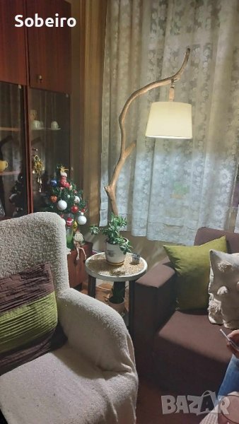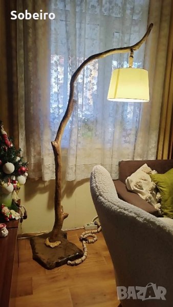 Ръчно изработена. Ствола е от акация, поставката от орех. Крушката е LED, E27. Кабелът е вкопан в дървото. Изключително красиво изделие.
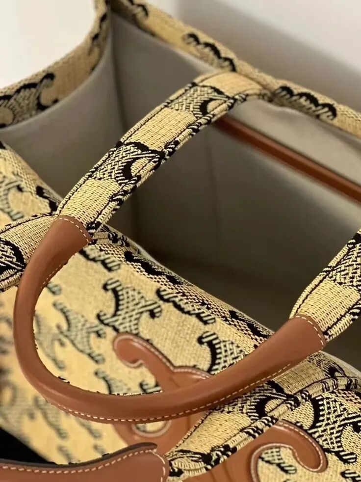 天然拉菲草编织而成的这款托特包,刚好兼具美观和实用性,大量印花拼贴小牛皮凯旋徽标,让包包看起来复古意味甚浓,皮质手柄好提的基础上,也不再容易把布料“盘包浆”,这样包包使用期限也就更久啦~而且,在托特包本身的大容量上,又加了一个侧边兜,放一些重要物品或是手机都很方便,再也不用整个包扒拉着找手机啦,简直绝绝子!
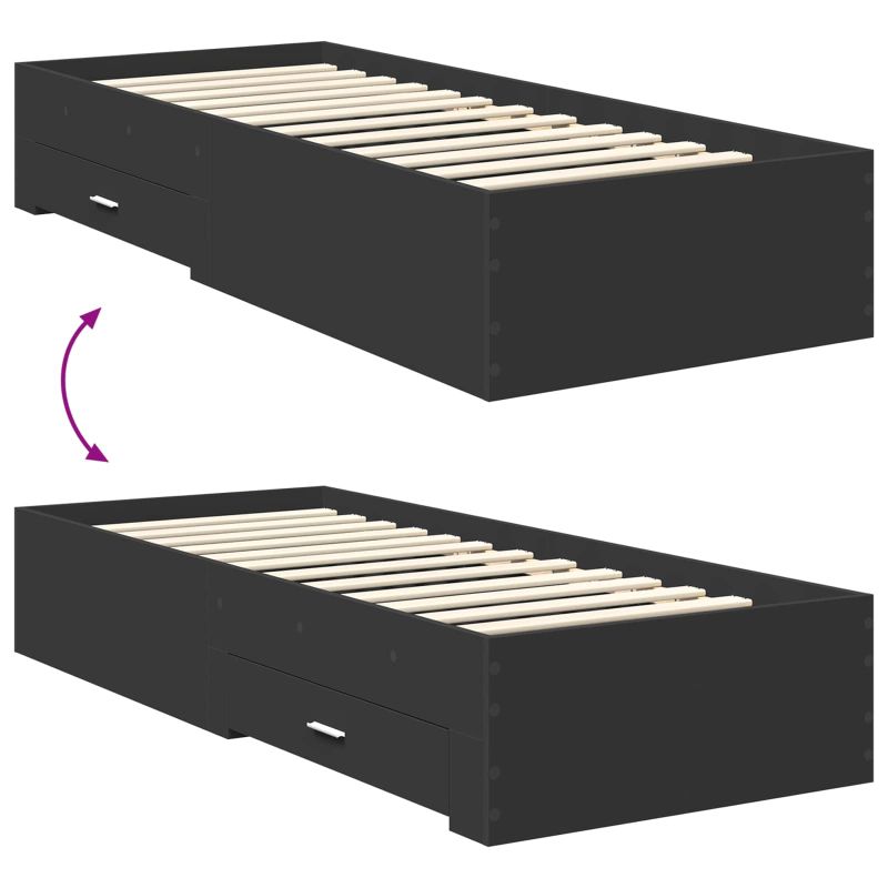 Рамка за легло Черен и сребрист 75 x 190 cm Инженерно дърво
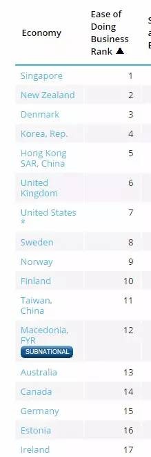 世界銀行專門設置了一個指標,做生意容易程度指數。
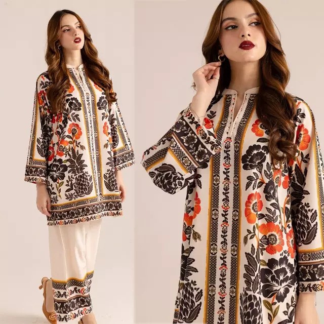Stylish Printed V-Neck Shirt and Plain Trouser Set
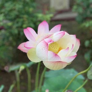 近所のバラ園さん 蓮の花が咲いています╰(*´︶`*)╯♡ 睡蓮鉢で育てていました。 雨の雫が綺麗です💧 🏷0の付く日は雨粒の日に参加します🎶
------------------------------------------------------------------------
- [Problem requirements] What is needed is an exact output of the records above, with every picture left out.

- [Response area]
 Ръчно изработена. Ствола е от акация, поставката от орех. Крушката е LED, E27. Кабелът е вкопан в дървото. Изключително красиво изделие.
 天然拉菲草编织而成的这款托特包,刚好兼具美观和实用性,大量印花拼贴小牛皮凯旋徽标,让包包看起来复古意味甚浓,皮质手柄好提的基础上,也不再容易把布料“盘包浆”,这样包包使用期限也就更久啦~而且,在托特包本身的大容量上,又加了一个侧边兜,放一些重要物品或是手机都很方便,再也不用整个包扒拉着找手机啦,简直绝绝子!
 Рамка за легло Черен и сребрист 75 x 190 cm Инженерно дърво
 世界銀行專門設置了一個指標,做生意容易程度指數。
Stylish Printed V-Neck Shirt and Plain Trouser Set
 近所のバラ園さん 蓮の花が咲いています╰(*´︶`*)╯♡ 睡蓮鉢で育てていました。 雨の雫が綺麗です💧 🏷0の付く日は雨粒の日に参加します🎶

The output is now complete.